An example JSON object generated by the PTA platform for an attack using ESM-7 is shown below:

{
  "design": {
    "objectKey": "com.siegetechnologies.cqf.design.item.archetype.sql-injection"
  },
  "parameter_bindings": [],
  "children": [
    {
      "object": {
        "design": {
          "objectKey": "com.siegetechnologies.cqf.design.item.software.esm-7"
        },
        "parameter_bindings": [
          {
            "name": "attack_config_file_as_blob",
            "value": "base64Encoded(attack.conf.file)"
          }
        ],
        "children": []
      }
    },
    {
      "object": {
        "objectKey": "com.siegetechnologies.cqf.design.item.software.dotCMS"
      }
    },
    {
      "object": {
        "objectKey": "com.siegetechnologies.cqf.design.item.software.mysql"
      }
    }
  ]
}

The CQF platform executes the attack and returns a result. This result needs to be interpreted by the PTA platform.
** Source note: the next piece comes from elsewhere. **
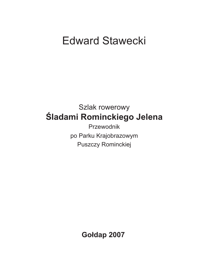 Edward Stawecki Szlak rowerowy Śladami Rominckiego Jelena Przewodnik po Parku Krajobrazowym Puszczy Rominckiej Gołdap 2007 Fotografie Edward Stawecki Opracowanie graficzne Mirosław Słapik Redaktor Mirosław Słapik Wstęp ISBN 978-83-926076-0-1 Skład i łamanie Bezpłatnie SIGNI Mirosław Słapik www.slapik.pl Wydawca Fundacja Rozwoju Regionu Gołdap pl. Zwycięstwa 16 19-500 Gołdap www.frrg.pl Puszcza Romincka to kompleks leśny niezwykle atrakcyjny dla osób łaknących wypoczynku wśród nieskażonej przyrody. Tajemnicze ostępy, unoszące się nad bagnami mgły, tęskny klangor żurawi, rozbrzmiewający nad zdziczałymi łąkami… Czegóż więcej oczekiwać może turysta - przyrodnik i esteta? Nie wolno jednak zapominać, iż natura – wbrew pozorom - jest jednak niezwykle wrażliwa i delikatna. Człowiek potrafi zbrukać jej piękno, zniszczyć bogactwo i różnorodność. 3 Szkody, które wyrządzamy przyrodzie, nie wynikają najczęściej ze złej woli. Przeważnie spowodowane są brakiem wiedzy bądź wyobraźni. Nim wyruszymy na szlak warto zapoznać się z zamieszczonymi niżej wskazówkami. Dzięki nim nie tylko łatwiej będzie nam dbać o przyrodę, ale być może uchronią nas także od przykrych niespodzianek, choćby konieczności uiszczenia mandatu karnego. Należy pamiętać, że Puszcza Romincka przecięta jest granicą państwową. Szlak poprowadzony jest tak, aby wyeliminować możliwość jej przekroczenia. Wystarczy jedynie respektować napotkane po drodze znaki. Warto też zapoznać się z przepisami regulujące ruch turystyczny w rejonie przygranicznym. Lasy należące do Skarbu Państwa są własnością ogółu - całego społeczeństwa. Wszyscy mamy prawo korzystać z ich walorów w celu wypoczynku i rekreacji. Istnieją jednak ograniczenia zawarte przede wszystkim w Ustawie o lasach, służące zachowaniu bogactw przyrody. 4 Informacje praktyczne Rezerwaty i uprawy Obszary Puszczy Rominckiej w większości są udostępnione dla uprawiania turystyki rowerowej i pieszej, a zimą - narciarskiej. Stałym zakazem wstępu objęte są jedynie rezerwaty przyrody, uprawy leśne poniżej 4 metrów, drzewostany nasienne. Granice rezerwatów oznaczone są poprzez zielone opaski umieszczone na korze drzew. W najbardziej eksponowanych punktach granicznych wszystkich chronionych obszarów stoją tablice informacyjne zawierające podstawowe informacje na ich temat a także schematyczne mapy. Granice drzewostanów nasiennych wskazują żółte opaski wymalowane na pniach drzew. Nadleśniczy ma możliwość wprowadzenia okresowego zakazu wstępu w przypadku zagrożenia pożarowego, bądź, gdy wykonywane są zabiegi gospodarcze (np. pozyskanie drewna), mogące zagrozić bezpieczeństwu osób postronnych. 5 Gdzie z namiotem? Przepisy dodatkowe W obrębie terenów puszczańskich nie ma pól namiotowych. Znajdują się one natomiast na ich obrzeżach - w Gołdapi, Pluszkiejmach, Kiepojciach, Błąkałach i Stańczykach. Możliwość biwakowania zapewniają także właściciele gospodarstw agroturystycznych. Liczne, zapisane w Ustawie o lasach i Ustawie o ochronie przyrody, zakazy są zupełnie oczywiste. Ich przestrzeganie przez turystów powinno wynikać nie tyle ze znajomości prawa, ale z przyzwoitości i kultury. Chyba nikomu nie trzeba tłumaczyć, że nagannym jest hałasowanie, śmiecenie, zanieczyszczanie wód, bezmyślne uszkadzanie roślin, niszczenie mrowisk, gniazd ptasich i wybieranie z nich jaj. Pamiętać musimy też o zakazie puszczania luzem psów. Nawet, jeśli przekonani jesteśmy, że nasz pupil nie stanowi żadnego zagrożenia dla dzikich zwierząt, powinniśmy prowadzić go na smyczy. Wędrując po Puszczy spotkać możemy pracowników Parku Krajobrazowego, leśników, funkcjonariuszy Policji i Straży Granicznej. Wszyscy chętnie służyć nam będą wszelką możliwą pomocą. Jednocześnie mają oni uprawnienia do kontroli dokumentów napotkanych osób. Nie należy się tym denerwować albowiem działania te służą zapewnieniu bezpieczeństwa. Przestrzeganie przepisów obowiązujących na terenie Puszczy Rominckiej nie popsuje nam wypoczynku. Wprost przeciwnie - sprawi, że bezpiecznie będziemy mogli napawać się pięknem otaczającej nas przyrody. Dyrekcja Parku Krajobrazowego Puszczy Rominckiej Uwaga na granicę! Puszcza Romincka położona jest w strefie nadgranicznej. Turyści muszą, więc respektować specyficzne przepisy z tym związane. Najważniejsze to: ścisły zakaz przebywania na pasie drogi granicznej; zakaz fotografowania obiektów, znaków i urządzeń granicznych oraz terenów położonych poza linią granicy państwowej; zakaz bezpośredniego komunikowania się z innymi osobami przez granicę; zakaz przerzucania lub przejmowania przez granicę jakichkolwiek przedmiotów; zakaz przebywania w porze nocnej na akwenach w odległości nie mniejszej niż 150 m od granicy. Zapobieganie pożarom Na terenach leśnych, jak też w odległości do 100 metrów od granicy lasu (poza miejscami wyznaczonymi) zabronione jest rozniecanie ognia. 6 7 Tropami Rominckich Jeleni Krótka charakterystyka Długość całkowita - 88,6 km, w tym: po drogach o nawierzchni asfaltowej - ok. 20 km; traktami bitymi - 10 km; leśnymi drogami gruntowymi - 33 km; po wiejskich drogach gruntowych, brukowanych i ścieżkach - 25,6 km. Trasa średnio trudna poprowadzona po silnie pofałdowanym terenie Parku Krajobrazowego Puszczy Rominckiej i jego otulinie. Niedogodności z tym związane rekompensuje sieć dobrze utrzymanych leśnych i wiejskich traktów oraz niewielkie natężenie ruchu na asfaltowej szosie: Gołdap - przejście graniczne w Budzisku. Gęsta sieć dróg daje możliwości jej modyfikacji, dostosowania do indywidualnych potrzeb jak i sprawności fizycznej poszczególnych uczestników wędrówki. Przy granicy z województwem podlaskim łączy się ze szlakami Suwalszczyzny. W Żytkiejmach napotyka odnogę szlaku transgranicz- 8 nego, który na drogow

Future iterations would determine the output and results generated by CQF. In theory, CQF provides similar output to execution from the command line - a CQF result would contain standard out and standard error streams as well as exit codes and generated files from any processes that ran on machines in the experiment. The PTA platform would simply need to parse through these results and identify output belonging to the attacker machine. Once those results were distilled, processing would proceed similar to the CliExecutor.

Putting It All Together

The tta3-orchestrator project represents a concrete implementation of the Pen Test Automation platform. The implementation loads ToolWrapper plugins (via the Java ServiceLoader SPI), loads application metadata (mocked), and allows the user to select a supported attack pattern. Based on the selected attack pattern, an appropriate tool would be chosen based on a heuristic that takes into account the attack and application metadata (mocked). The user is given the ability to derive required tool parameters based on (mocked) application metadata or manually enter these values. The PTA platform then generates a ToolCommand that can be used by a PTA command executor. The user is given a choice to execute the generated ToolCommand in CQF (using the CqfExecutor), or on the command line interface (using the CliExecutor). The PTA platform then previews the command execution by either displaying the experiment JSON that would be generated (if CqfExecutor is chosen) or the command that would be run on CLI (if CliExecutor is chosen). The user can then execute the command. If the user selected the CqfExecutor, the user is prompted for the CQF REST API endpoint where the generated experiment JSON is sent for execution. If the user selected the CliExecutor, the command is executed locally. Once the execution is complete, the raw results of the command are shown and the user is given the opportunity to "process" the results. After processing the result, the user is shown a distilled version of the "finding" if any. See the Getting Started guide for more detail.

Quick Demo

Prerequisites

1. Java JDK 8 or later
2. Maven
3. A properly configured instance of the CQF platform (note the discussion above in Execution from CQF)
4. The proper local setup of the ESM-7 and/or Crydra-16 orchestration scripts and their dependencies (note the path requirements specified in the section above in Execution from Command Line)
5. The compiled CQF REST API Java Client JAR available to your local Maven

Instructions

1. cd [path-to-downloaded-code]/
2. mvn clean install
3. cd tta3-orchestrator/
4. mvn exec:java -P cli-with-plugin

See the Getting Started guide for more detail.